We can spend hours - I mean multiple meetings - debating something only to find out later that we were mostly wasting our time. We may have had a nagging feeling that something was off, but we couldn’t quite put our finger on what or why. At the end of the process, when a decision has been made, it often turns out that the debaters didn’t actually care deeply about their perspective. They just disagreed. And they had that disagreement in the group setting, effectively investing a ton of company time and emotional energy in something that none of them actually cared very much about.
How can we do less of that?
I learned a simple framework from my pastors (Chris Scott and Greg Steward). It’s the 1 to 3 decision making framework. It’s beautifully simple. You can explain it in 30 seconds, and everyone can use it in the next 30 seconds. Then, you have valuable information on how to triage the situation.
Here’s how it works. On any issue or decision, simply rank how much you care about it on a scale of 1 to 3.
1 = I don’t have much opinion on this. I’ll be OK either way.
2 = I have a reasoned opinion about how this should be, and I care. But I can flex if need be.
3 = I have a strong opinion on this, and I think this is critical for our organization.

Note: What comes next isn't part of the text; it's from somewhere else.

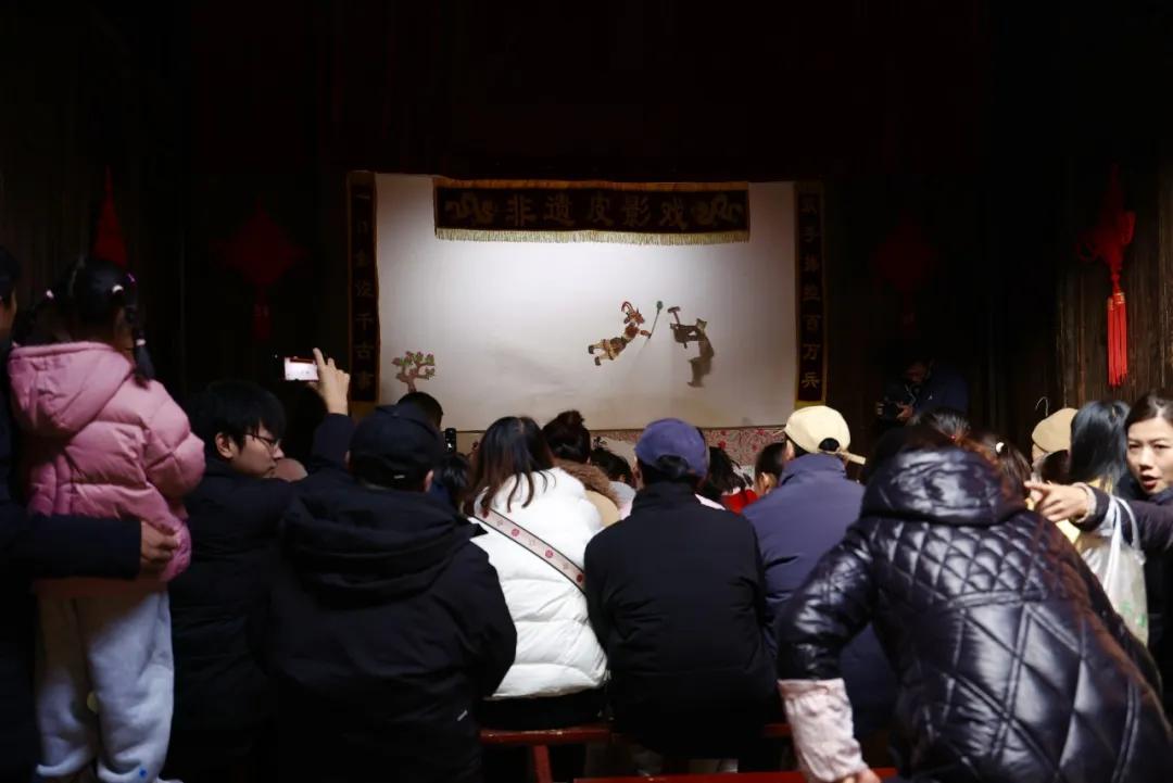 非遗皮影戏幕布后,艺人巧手翻飞,惟妙惟肖的皮影人物演绎着经典故事,让大人小孩都看得流连忘返。

That’s it. When a decision or controversial issue comes up, just have the key players rank it on a scale of 1 to 3. Within 60 seconds, you know how important this decision is to the people in the room, and that tells you whether it is worth spending time working it out.
You might also learn that only a few people really care about it, so the best choice might be to table the issue while those two come to a mutual decision. You could also ask those folks to prepare a case for why others should care about this decision by explaining the implications. In other circumstances, you may find that the only person who really cares is the decision maker, so you just ask that person to consider the input of others and free them to make the decision.

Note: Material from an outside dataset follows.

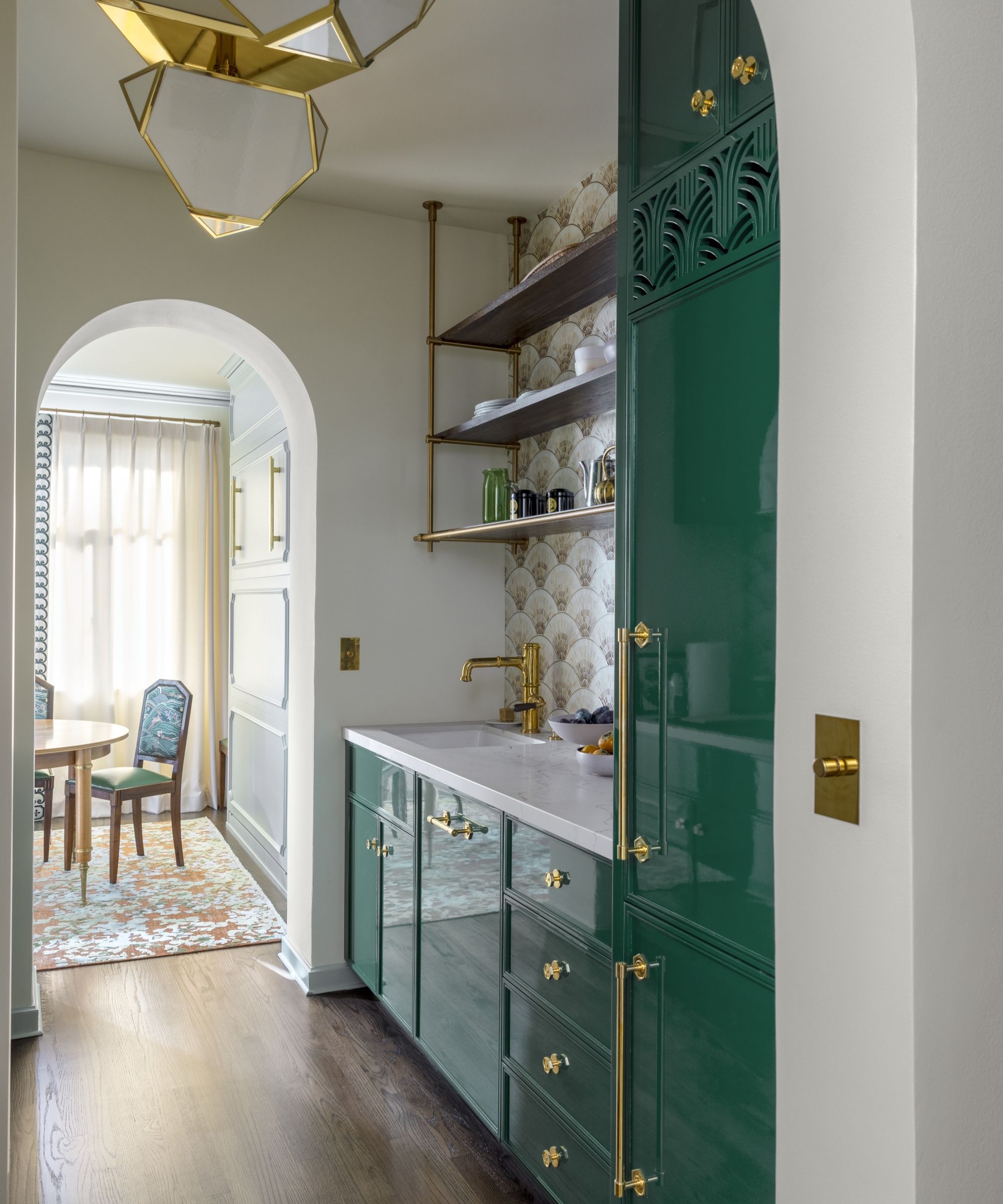 The awkward shape of this small kitchen meant the team at Copper Sky Design + Remodel needed to get smart and incredibly creative with the storage. To combat the curved walkway, staggered storage depths were created, leaving enough open space for dark wood-clad shelves and a hanging rail. It not only makes the most of an awkward area but also creates a striking design feature.

Over time, this becomes a short-hand for discussion. How should we arrange the chairs for the big meeting? “I’m a 1 on that.” Should we hire a designer for a new logo? “That’s a 2 for me.” I’m thinking about offering a discount to a potential customer. “Mike is a strong 3 against discounts.”
This also helps people express their opinions more easily and clearly. For example, instead of saying, “Whatever,” someone might think about it and say, “I’m a 1 on that.” This increases their investment in the decision.
As you ask for rankings about a wide variety of issues, you will also learn more about your team. If someone is a 3 about everything (or most things), that tells you and them something about how they are showing up and how willing they are to compromise or to bend. If someone is almost always a 1, then that could be a clue that they don’t actually feel safe sharing their opinion. You will also gain clarity about what you really care about and why.
Interestingly, our Wisdom Partners cofounder Charles Jolley has often used a similar 1 to 3 ranking on hiring decisions, but with a different twist.
1 = I don’t think this person is right, and I’ll fight against hiring them.
2 = I think this person is pretty good, but I won’t fight to hire them.
3 = I think this person is great, and I’ll work to convince everyone else we should hire them.
This also provides a helpful shorthand that enables the team to get clarity on mixed perspectives quickly.
The 1-to-3 framework enables us to quickly discern and express how we feel or think about a decision. Then, we can assess the group temperature and move forward with more clarity. Try it out on your next team decision, and let us know how it goes.